4. Introduction to the Related Algorithm - KarmaDock
KarmaDock is an AI docking algorithm developed by CarbonSilicon AI. It effectively combines docking and scoring methods on a lightweight model through multi-stage learning of scoring and docking, compressing the time consumption of single small molecule docking + scoring to 17ms, while ensuring docking and virtual screening performance. KarmaDock uses a model framework built with encoders (Graph Transformer (GT) and Geometric Vector Perceptrons (GVP)), and the EGNN module for docking and the mixed density network MDN module for scoring. Modeling principle: First, the protein and ligand are represented as a three-dimensional residue graph and a two-dimensional molecule graph, respectively. After encoding with the GVP/GT encoder, the pi, mu, and sigma of the mixed Gaussian distribution in the MDN module are calculated. The graph features are then fed into the EGNN module for docking to get the docking conformation, which is then sent to the MDN module for scoring to get the Score. Its modeling framework is detailed in Figure 7. KarmaDock is an end-to-end AI model that simultaneously includes docking and scoring. It achieves millisecond response on a single GPU and surpasses most docking/scoring tools in precision. It can realize high-throughput screening of large-scale molecular libraries, accelerating drug development. The average time KarmaDock takes to dock a molecule is 0.017s/complex, which is far lower than other models. KarmaDock has a docking success rate (RMSD<2 Å) of 0.956 on the Coreset dataset, surpassing most models. Moreover, KarmaDock has an enrichment factor (EF1%) of 23.4 on the Casf2016 dataset, which is at the leading level. See Table 1 for details.

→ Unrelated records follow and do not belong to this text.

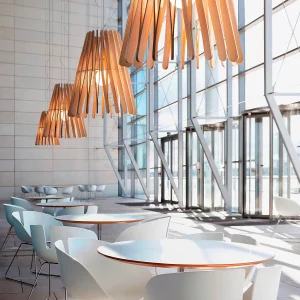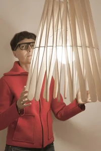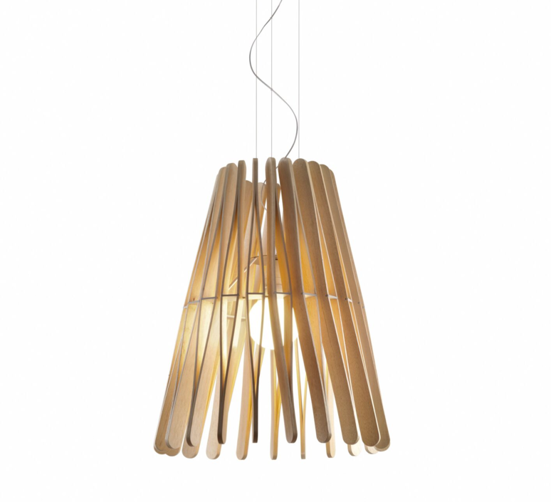La Collection Stick Cone, une création emblématique de la marque Fabbian et du designer Matali Crasset, est fabriquée à partir d’un module en bois d’Ayous. Inspirée par la forme d’une pince, cette suspension présente deux éléments pliés et tendus par un support central, créant un aspect répétitif captivant. Le bois d’Ayous diffuse une lumière chaleureuse et agréable, tandis que la répétition du module crée des jeux d’ombres et de graphismes surprenants. La structure ornée de lattes en Ayous permet une diffusion subtile de la lumière, faisant de la Stick Cone une pièce iconique adaptée à tous les styles d’intérieur.Disponible en lampe de table, lampadaire, applique et suspension.
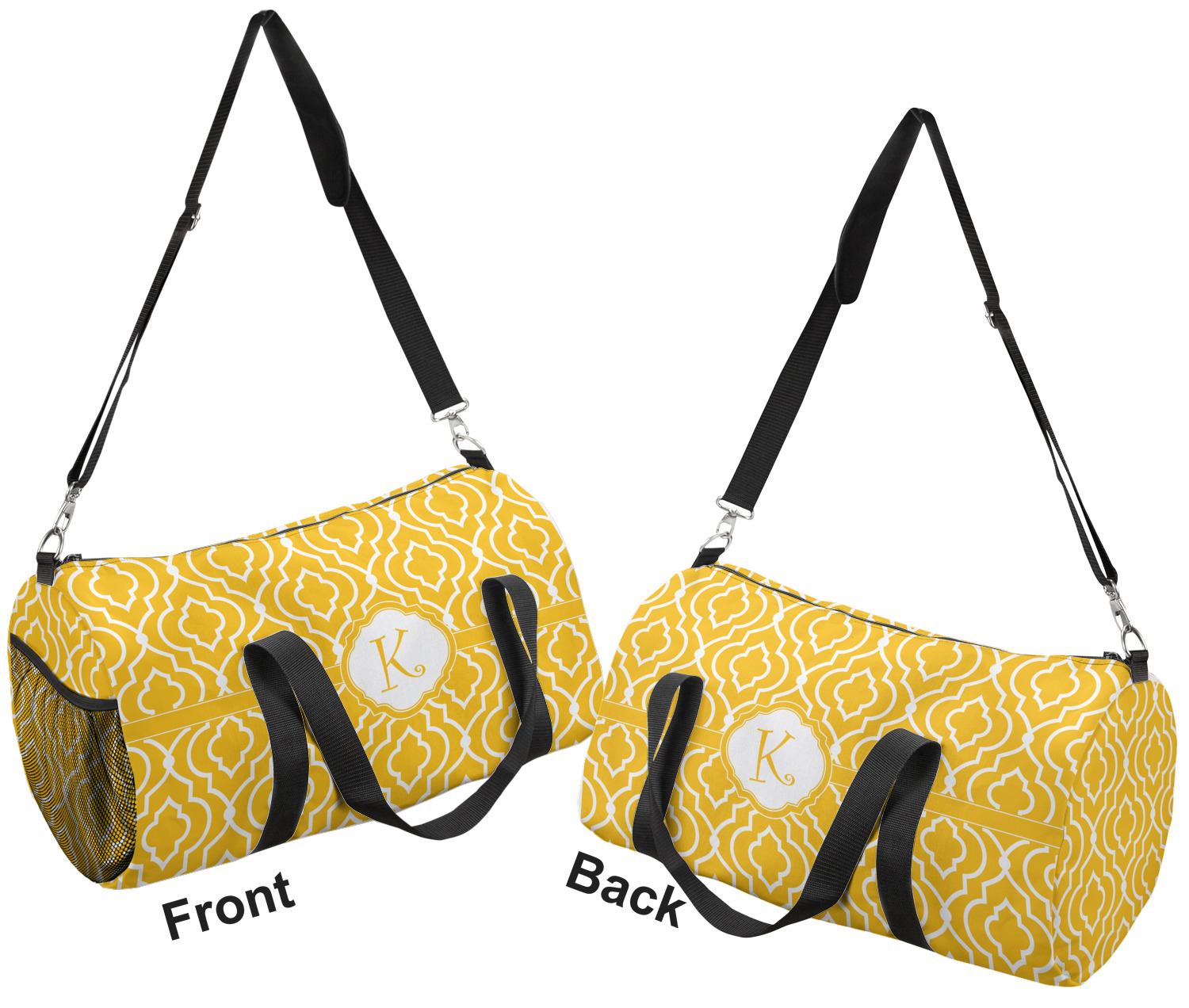 This duffle is a sturdy bag made of a canvas material. It comes in two sizes: Small (19"W x 9.5"H x 9.5"D) and Large (23"W x 12"H x 12"D). The bag is a cylindrical shape with a black adjustable strap and two handles. On one side is an elastic pouch to put a waterbottle or other small item. Your product will be sublimated with your design and is able to be designed on the front, back, and sides. Be sure to remember that the straps may cut into parts of your design if you upload your own artwork.
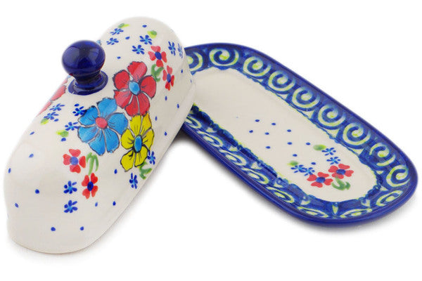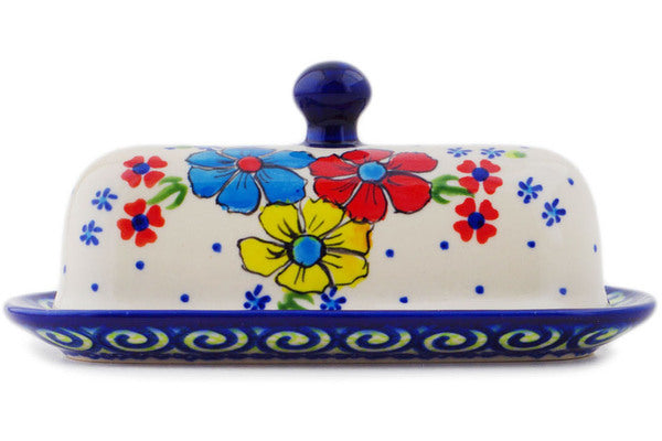 This Country Three 7" Butter Dish was handmade and hand decorated in Boleslawiec, Poland by skilled artisans according to old traditional methods. This is a Polish pottery Signature Unikat, which means that it has been hand painted with both sponges and brushes and it is signed by the artist who painted it. Unikat pieces are the most intricate works of art. Larger Unikat items take hours of very careful work to finish. This Polish stoneware is microwave, dishwasher, freezer, and oven safe up to 480°F. It does not contain lead or cadmium. It is part of the Country Three Collection.
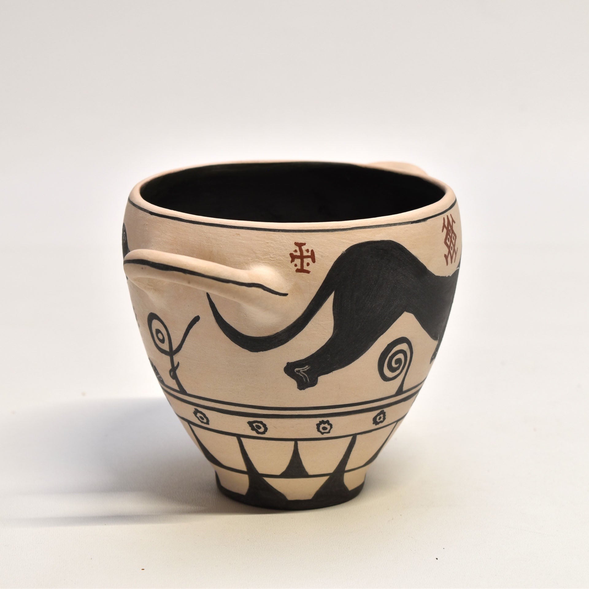 - Décors à l'engobe : cette technique est l'une des plus ancienne utilisée pour décorer la céramique. Il s'agit de terre à laquelle on ajoute des pigments de couleur. Les possibilités sont infinies. Cela permet des décors fins et précis mais ne protège, ni ne solidifie la céramique.
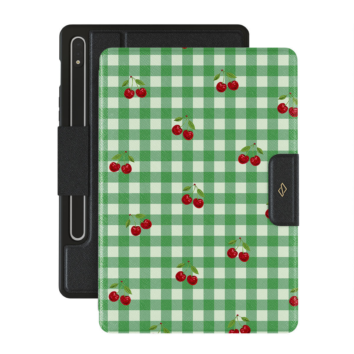 The Little Life Samsung Galaxy Tab S9 FE folio case design: green checks, simple and true, like a patch of grass under a tree, where you can sit and watch the small world go by, every leaf a chapter in nature’s story.
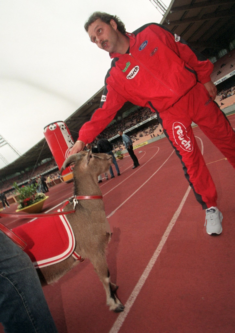 Trainer Peter Neururer im Jahr 1997 zusammen mit Geissbock ,,Hennes VII"
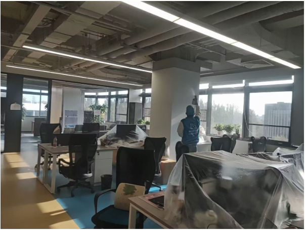 与传统产品的本质区别: · 无需光照条件,全天候持续分解 · 绝不产生二次污染 · 对办公家具零损伤,保护企业资产 · 作用更彻底,效果更持久 专业治理流程:达美盛办公室治理实践 生态美家为达美盛办公室提供了科学严谨的治理流程,确保从检测到治理的每个环节都精准无误。 科学治理流程: · 专业检测评估:使用国际先进设备对办公室内各区域进行全方位检测,确定甲醛浓度和污染源分布 · 定制治理方案:根据检测结果和办公室空间布局,量身定制综合治理方案 · 精细施工作业:采用专业设备,将纳米级治理药剂均匀覆盖在所有污染源表面 · 第三方验收:治理后邀请具有CMA资质的第三方检测机构进行验收
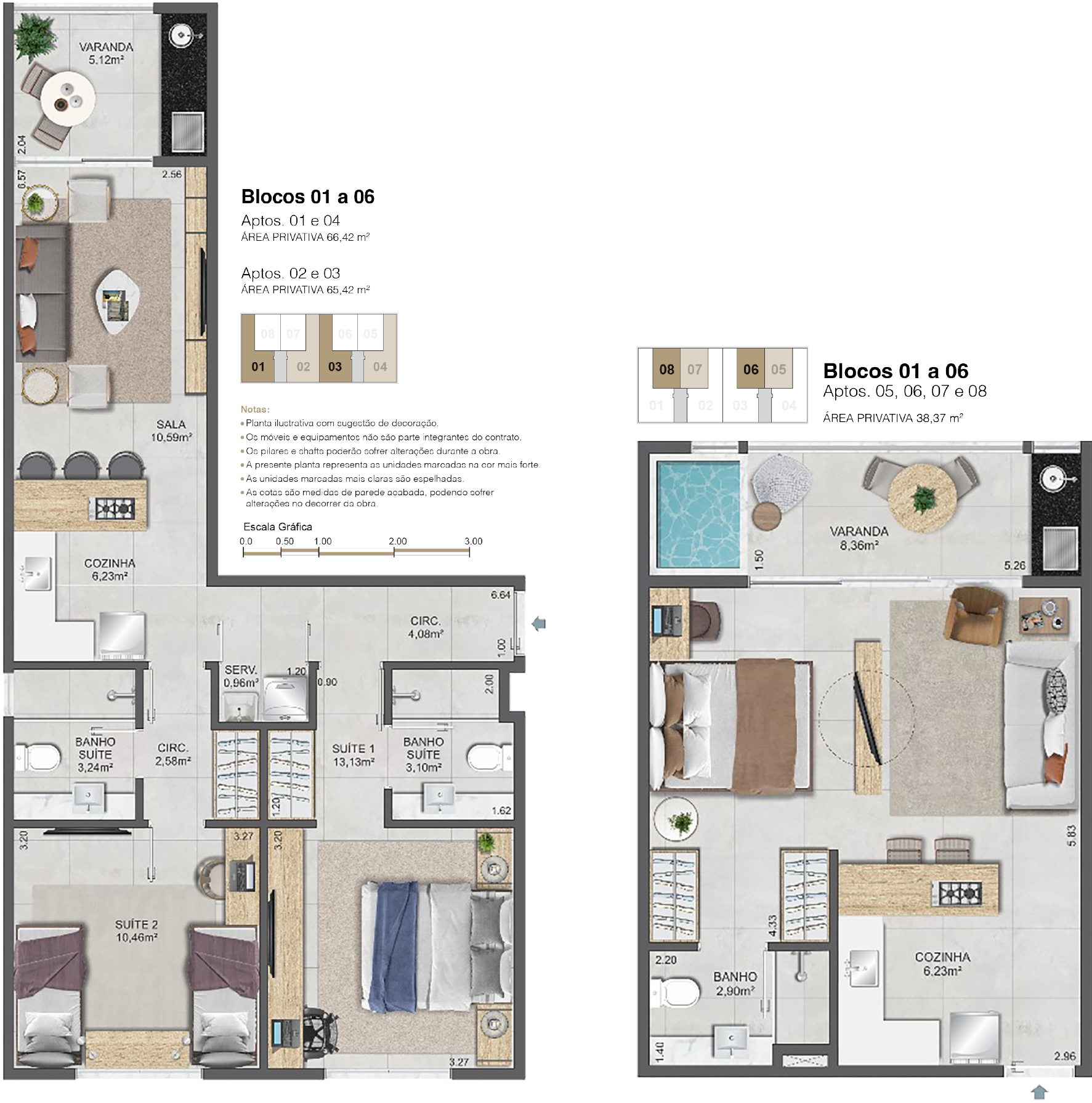 Com opções de lofts ou unidades de 02 quartos com 02 suítes (01 canadense), as plantas foram pensadas para aliar conforto, modernidade e funcionalidade.

Figure 9. Modeling Framework of KarmaDock Table 1. Docking and Screening Capabilities of Various Models on CASF 2016
Note: For introductions to CarsiDock and RTMScore, see Inno-Docking and Inno-Rescoring, respectively.
5. Related Literature
[1] Efficient and accurate large library ligand docking with KarmaDock. Zhang X. Zhang O. Shen C., et al. Nat Comput Sci. 2023 Sep;3(9):789-804. doi: 10.1038/s43588-023-00511-5.